* Problem description
All that should come back is the lines of the data below from the one containing "Figure 3 Following" to the one containing "According to the", inclusive, exactly as they stand.

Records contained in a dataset
%%
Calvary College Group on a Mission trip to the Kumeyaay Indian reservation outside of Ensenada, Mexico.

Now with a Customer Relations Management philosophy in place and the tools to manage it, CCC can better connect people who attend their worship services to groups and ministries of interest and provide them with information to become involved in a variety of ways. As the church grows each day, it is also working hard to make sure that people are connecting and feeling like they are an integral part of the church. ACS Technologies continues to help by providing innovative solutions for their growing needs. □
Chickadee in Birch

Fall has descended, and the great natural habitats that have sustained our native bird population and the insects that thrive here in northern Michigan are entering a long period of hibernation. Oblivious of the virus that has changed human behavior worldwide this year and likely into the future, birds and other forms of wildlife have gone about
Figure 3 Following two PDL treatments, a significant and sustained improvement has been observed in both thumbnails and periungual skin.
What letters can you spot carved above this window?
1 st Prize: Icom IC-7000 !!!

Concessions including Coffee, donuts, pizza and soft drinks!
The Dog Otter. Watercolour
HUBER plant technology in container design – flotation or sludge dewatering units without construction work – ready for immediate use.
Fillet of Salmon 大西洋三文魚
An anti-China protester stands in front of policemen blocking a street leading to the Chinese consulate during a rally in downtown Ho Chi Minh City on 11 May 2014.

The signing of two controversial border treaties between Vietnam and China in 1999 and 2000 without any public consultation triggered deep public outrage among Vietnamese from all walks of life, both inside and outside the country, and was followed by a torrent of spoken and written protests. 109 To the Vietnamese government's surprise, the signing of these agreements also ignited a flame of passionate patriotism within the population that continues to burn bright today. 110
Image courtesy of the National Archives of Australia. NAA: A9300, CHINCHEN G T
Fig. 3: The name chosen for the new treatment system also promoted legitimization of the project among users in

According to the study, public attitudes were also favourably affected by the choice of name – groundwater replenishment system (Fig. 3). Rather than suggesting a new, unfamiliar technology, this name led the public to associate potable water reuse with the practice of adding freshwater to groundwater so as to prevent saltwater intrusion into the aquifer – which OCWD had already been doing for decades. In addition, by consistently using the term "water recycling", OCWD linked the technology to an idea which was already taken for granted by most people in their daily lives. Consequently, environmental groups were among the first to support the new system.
%%
%%
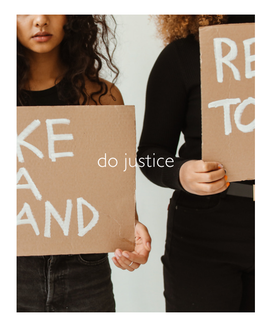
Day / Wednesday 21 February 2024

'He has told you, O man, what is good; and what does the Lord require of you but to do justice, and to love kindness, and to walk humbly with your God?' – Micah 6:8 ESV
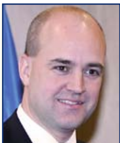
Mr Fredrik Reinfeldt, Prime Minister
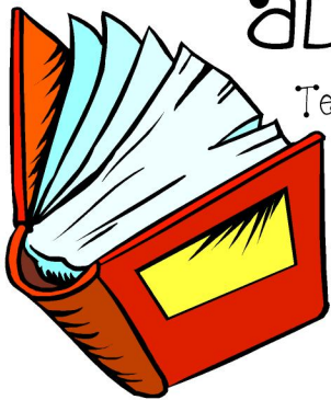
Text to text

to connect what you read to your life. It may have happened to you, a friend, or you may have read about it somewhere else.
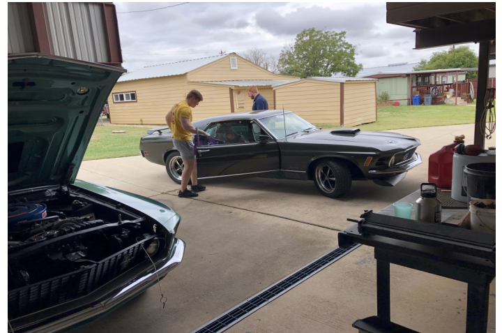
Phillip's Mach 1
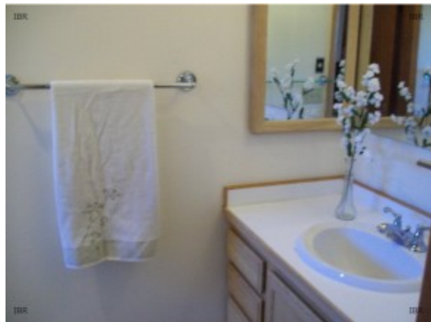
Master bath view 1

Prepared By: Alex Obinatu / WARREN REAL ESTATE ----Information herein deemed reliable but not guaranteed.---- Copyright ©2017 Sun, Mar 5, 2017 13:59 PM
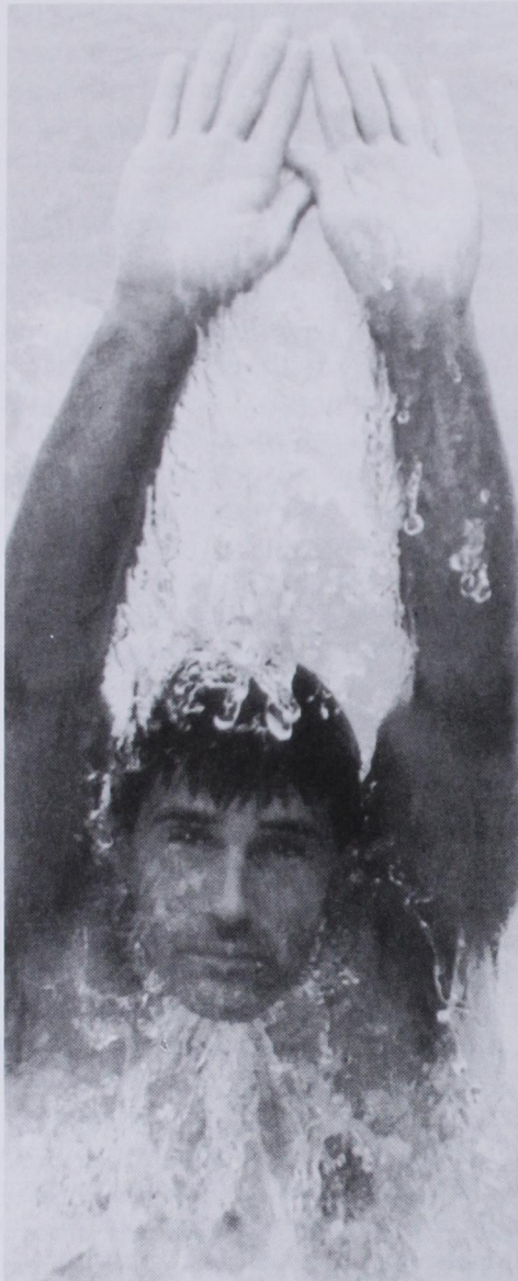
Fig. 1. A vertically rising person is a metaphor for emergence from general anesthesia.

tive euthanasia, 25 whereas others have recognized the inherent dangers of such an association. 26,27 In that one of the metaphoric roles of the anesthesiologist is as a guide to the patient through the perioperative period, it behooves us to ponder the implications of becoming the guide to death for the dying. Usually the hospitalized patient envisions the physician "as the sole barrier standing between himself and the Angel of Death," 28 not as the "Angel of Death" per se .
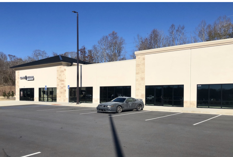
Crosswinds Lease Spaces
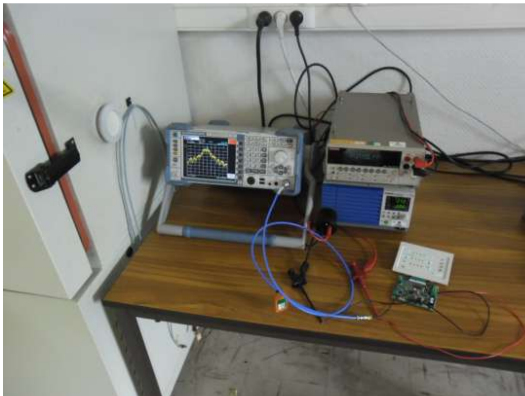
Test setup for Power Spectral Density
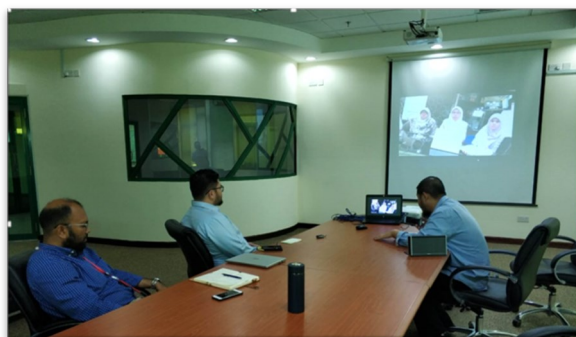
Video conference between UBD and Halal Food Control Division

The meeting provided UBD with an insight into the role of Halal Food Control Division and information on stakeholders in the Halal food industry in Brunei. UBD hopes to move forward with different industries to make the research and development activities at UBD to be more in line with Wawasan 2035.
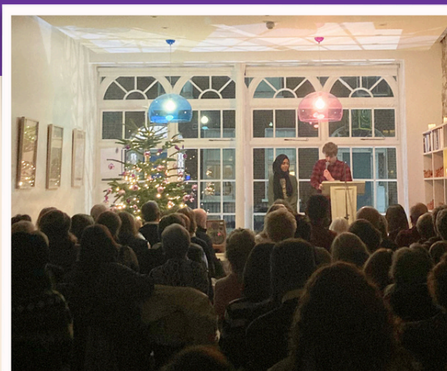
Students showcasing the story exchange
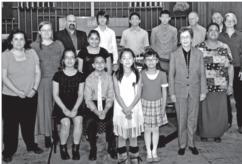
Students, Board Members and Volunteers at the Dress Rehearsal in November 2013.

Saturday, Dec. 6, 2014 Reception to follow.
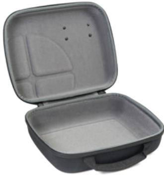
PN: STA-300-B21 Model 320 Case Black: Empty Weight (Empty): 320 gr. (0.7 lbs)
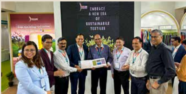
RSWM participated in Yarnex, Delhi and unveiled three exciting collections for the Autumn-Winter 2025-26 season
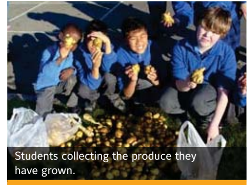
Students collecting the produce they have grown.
%%
* Problem solution
Figure 3 Following two PDL treatments, a significant and sustained improvement has been observed in both thumbnails and periungual skin.
What letters can you spot carved above this window?
1 st Prize: Icom IC-7000 !!!

Concessions including Coffee, donuts, pizza and soft drinks!
The Dog Otter. Watercolour
HUBER plant technology in container design – flotation or sludge dewatering units without construction work – ready for immediate use.
Fillet of Salmon 大西洋三文魚
An anti-China protester stands in front of policemen blocking a street leading to the Chinese consulate during a rally in downtown Ho Chi Minh City on 11 May 2014.

The signing of two controversial border treaties between Vietnam and China in 1999 and 2000 without any public consultation triggered deep public outrage among Vietnamese from all walks of life, both inside and outside the country, and was followed by a torrent of spoken and written protests. 109 To the Vietnamese government's surprise, the signing of these agreements also ignited a flame of passionate patriotism within the population that continues to burn bright today. 110
Image courtesy of the National Archives of Australia. NAA: A9300, CHINCHEN G T
Fig. 3: The name chosen for the new treatment system also promoted legitimization of the project among users in

According to the study, public attitudes were also favourably affected by the choice of name – groundwater replenishment system (Fig. 3). Rather than suggesting a new, unfamiliar technology, this name led the public to associate potable water reuse with the practice of adding freshwater to groundwater so as to prevent saltwater intrusion into the aquifer – which OCWD had already been doing for decades. In addition, by consistently using the term "water recycling", OCWD linked the technology to an idea which was already taken for granted by most people in their daily lives. Consequently, environmental groups were among the first to support the new system.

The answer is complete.